Drowning trees on the edge of the Mississippi

Tuesday May 24th
Set out on the road to New Orleans with a little trepidation as we’d been hearing lots of scare stories about the floods from the Mississippi. However the weather service at http://water.weather.gov/ahps/ reported that while there was some flooding at Baton Rouge, there was very little at New Orleans.
The road ran across swamps for a lot of miles and was built up on concrete posts like a low bridge.  The carriageways were separated and for a lot of the time you could see water between them.

Floods seen from the road
Stopped off in Baton Rouge for a coffee in a dilapidated but very popular French café and had a good look at the Mississippi over the levees.  It certainly moved fast and was very wide and made me think of Tom Sawyer and his adventures on the raft.  It was pretty warm at 32oC so we didn’t stay out in the heat for long, got back in the car and travelled to Sorrento to have a look at a Cajun village, which again was dilapidated. 
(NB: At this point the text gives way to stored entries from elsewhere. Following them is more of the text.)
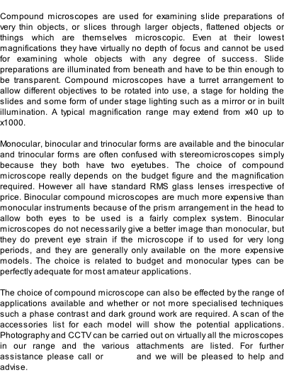 For expert advice please telephone and speak to one of our technical advisors. They would be pleased to assist. We are one of the largest independent microscopy supply companies in Europe. For those choosing a microscope for the first time we offer the following advice.
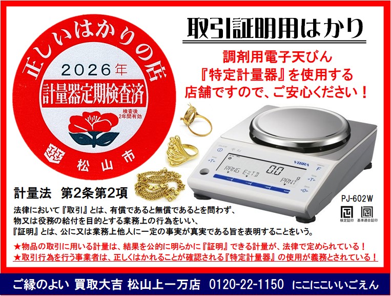 買取大吉» 店舗紹介» 松山上一万駅前店» 松山上一万駅前店 店長ブログ» 正しいはかりの店舗!【計量法・特定計量器使用/定期検査済】      ご縁のよい買取大吉 松山上一万駅前店におまかせ下さい♪
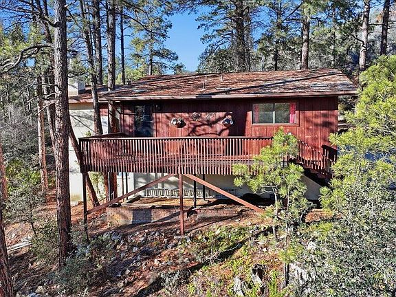 Nestled on 1.88 serene acres of Ponderosa pine and juniper forest, 1490 White Spar Road in Prescott, Arizona, offers a rare blend of privacy, rustic charm, and natural beauty. This approximately 2,000-square-foot home, built in 1976, features three bedrooms, two full baths, and an additional three-quarter bath, providing comfortable and flexible living space. The interior includes a warm, inviting living and dining area with a wood-burning fireplace, and a finished partial walk-out basement that can serve as extra living space, storage, or a workshop. A mix of wood and vinyl flooring adds to the home's cozy, rustic character. Outside, the property's expansive decks and covered outdoor areas create peaceful spaces to relax and enjoy sweeping views over the surrounding forest. An additional 288 sq ft guest house for all of your extended family visits compliments this wonderful home. With a fully paved access roads--privately maintained--the home feels like a secluded mountain retreat while still being conveniently close to Prescott amenities. The 1.88 acre lot provides ample room for expansion, gardening, outbuildings, or simply enjoying the tranquility of your own private woodland. This property offers tremendous potential for someone seeking a quiet mountain lifestyle or a unique forever home surrounded by nature.
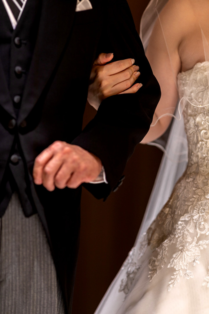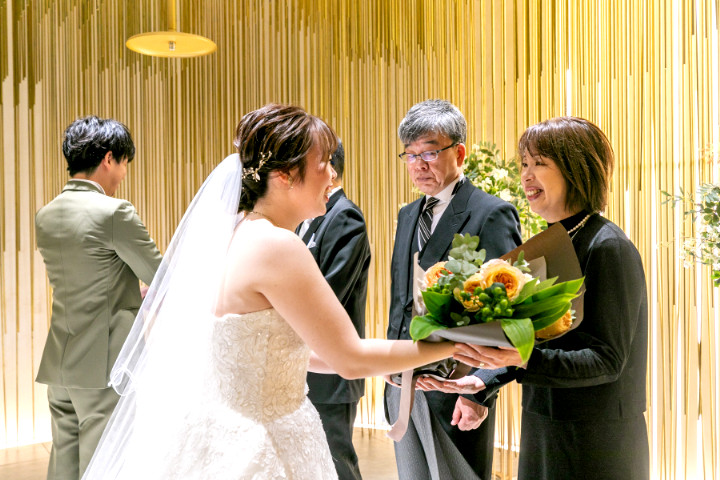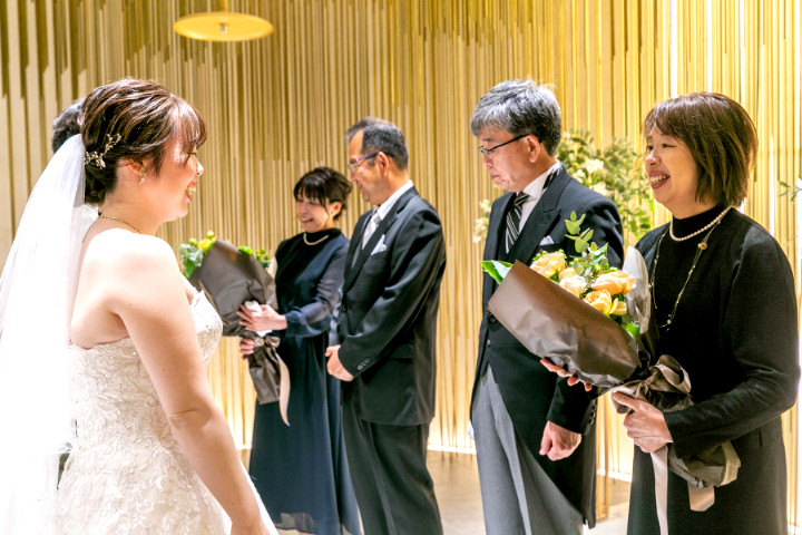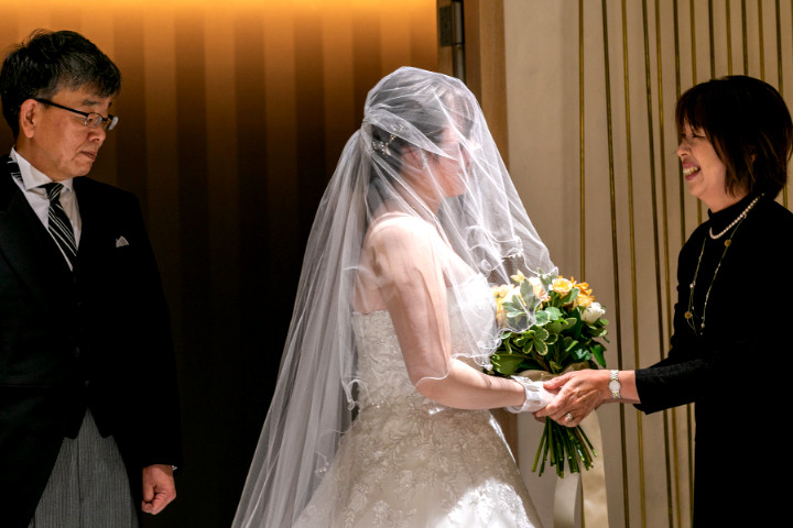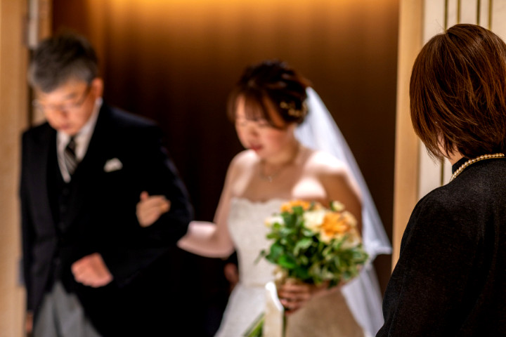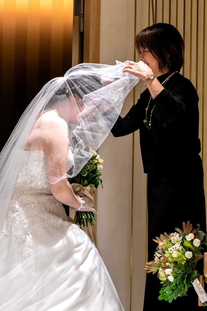 お父様にエスコートされ、お母様にベールダウンを行っていただきます!
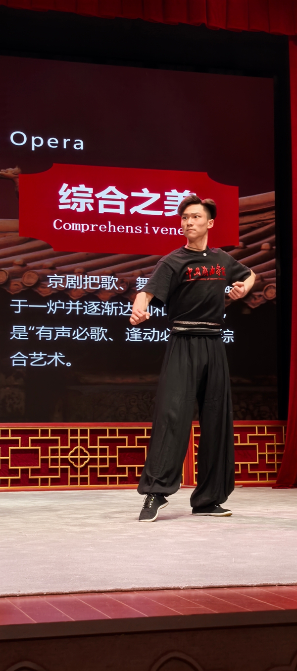 公开课邀请中国戏曲学院京昆系优秀青年教师郑轶担任主讲。专业院校学生现场展示了唱腔、身段、表演、把子功等戏曲基本功。郑轶分解兰花指、水袖、脚步等动作要领,并指导观众体验花枪技巧。多位观众受邀上台,在老师指导下学习身段,完成基本动作。
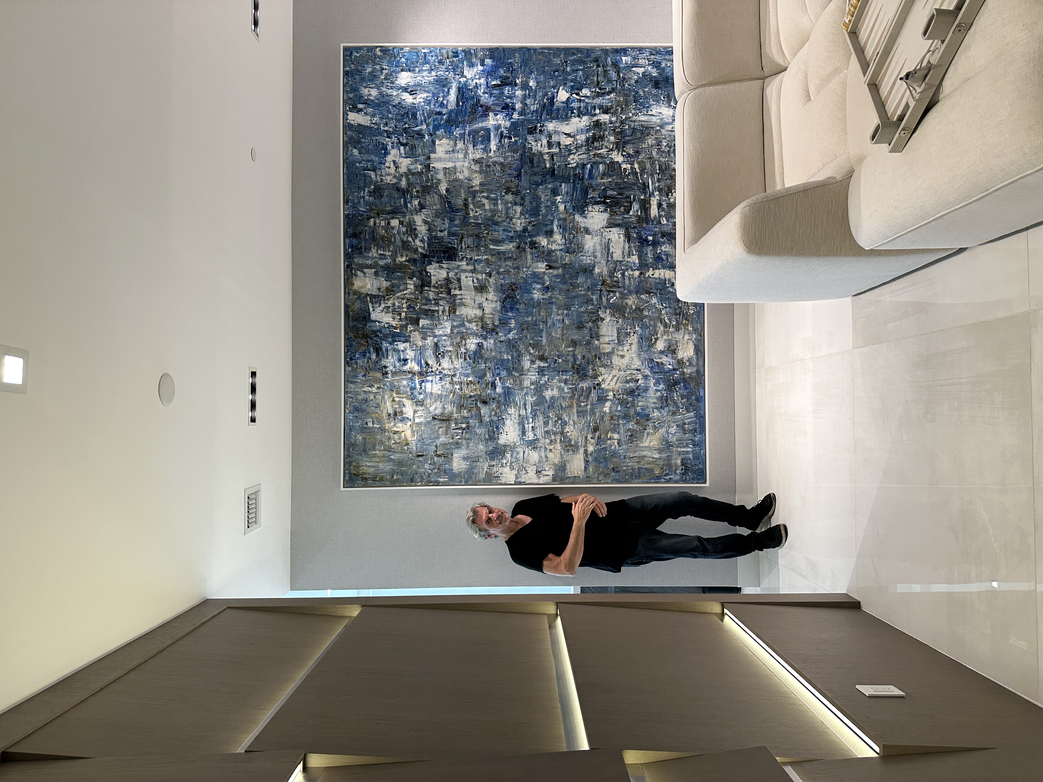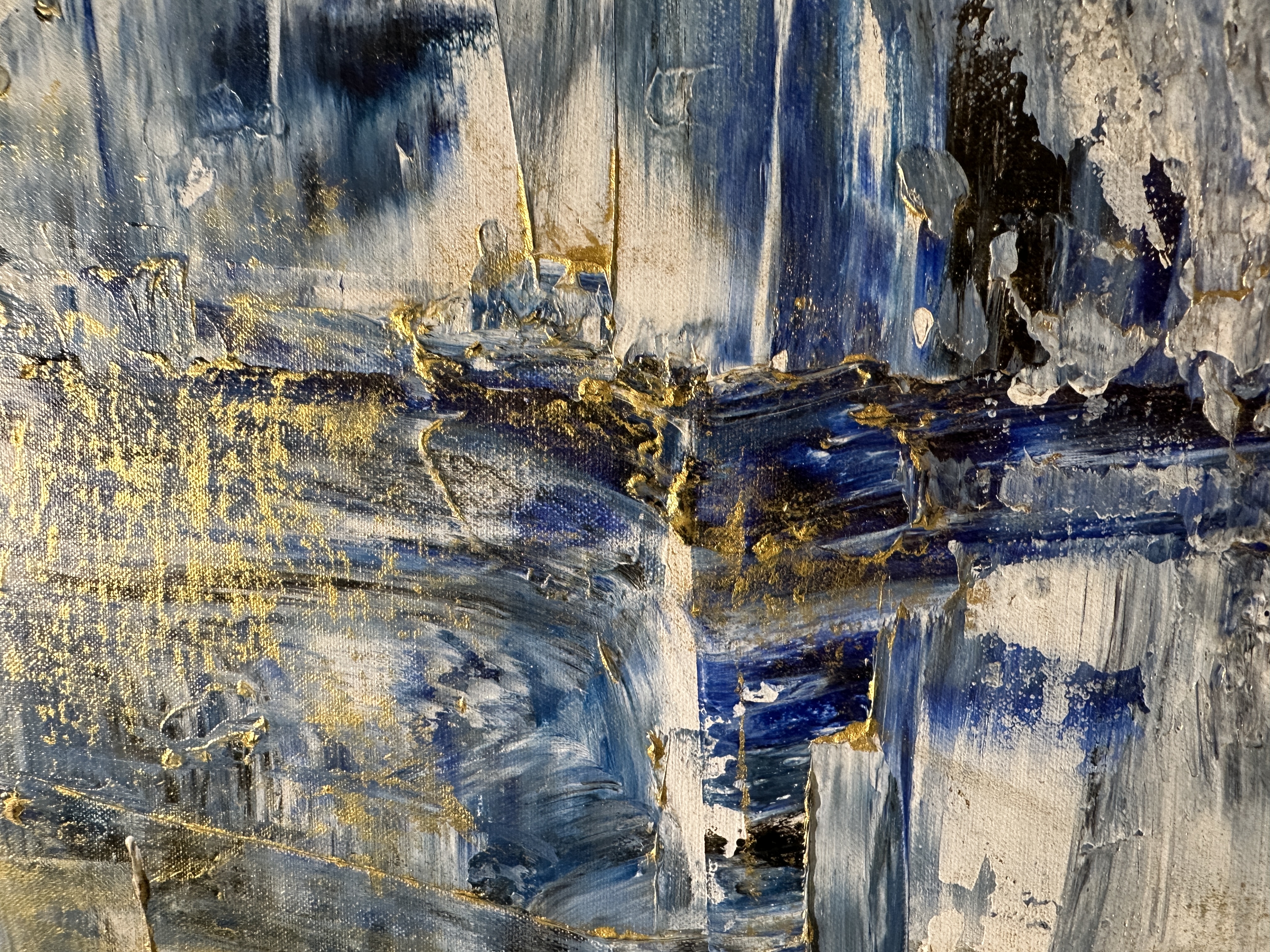 Nocturne in Blue and Gray layers bold strokes of deep blue, gray, and white, evoking the shifting motion of water and light. Its textured surface creates a sense of depth and energy, drawing the viewer into a dynamic yet contemplative atmosphere.

We stopped for coffee and lunch in the village and got chatting to a local called Michael Johnson who was very interesting.  One of four brothers, his family were very poor as they’d spent all their money on healthcare for another son who had eventually died.  As a result they lived in a trailer with all the poor folk who were all black and when they started de-segregation in the late 60’s he was one of the few white folk who felt perfectly at ease with blacks which was a big asset.  Also, the black folk were at ease with him. So he ended up running things at school that involved both groups of kids. Without any qualifications, he started work as a policeman and then joined Total petroleum and spent a lot of his life in Africa, South America, China and even Aberdeen at one point.  Then he got fed up with travelling and now works for Verizon maintaining their networks.  Like a lot of folk he’s fed up with Obama who has just poured billions of investment into the oil industry in South America while letting the oil Industry in Louisiana run down.  He says it’s because Louisiana didn’t support Obama in the last election.  American politics seem in as bad a state as UK politics. 
The reason for staying away from the drains!
We went to a very interesting cafe in the evening called Mantino's in Canal Street for authentic local food.  We had to wait ages for a table as there were no reservations and it was very popular but the food was great.  Hope to see more of New Orleans tomorrow before we head for Mobile, Alabama.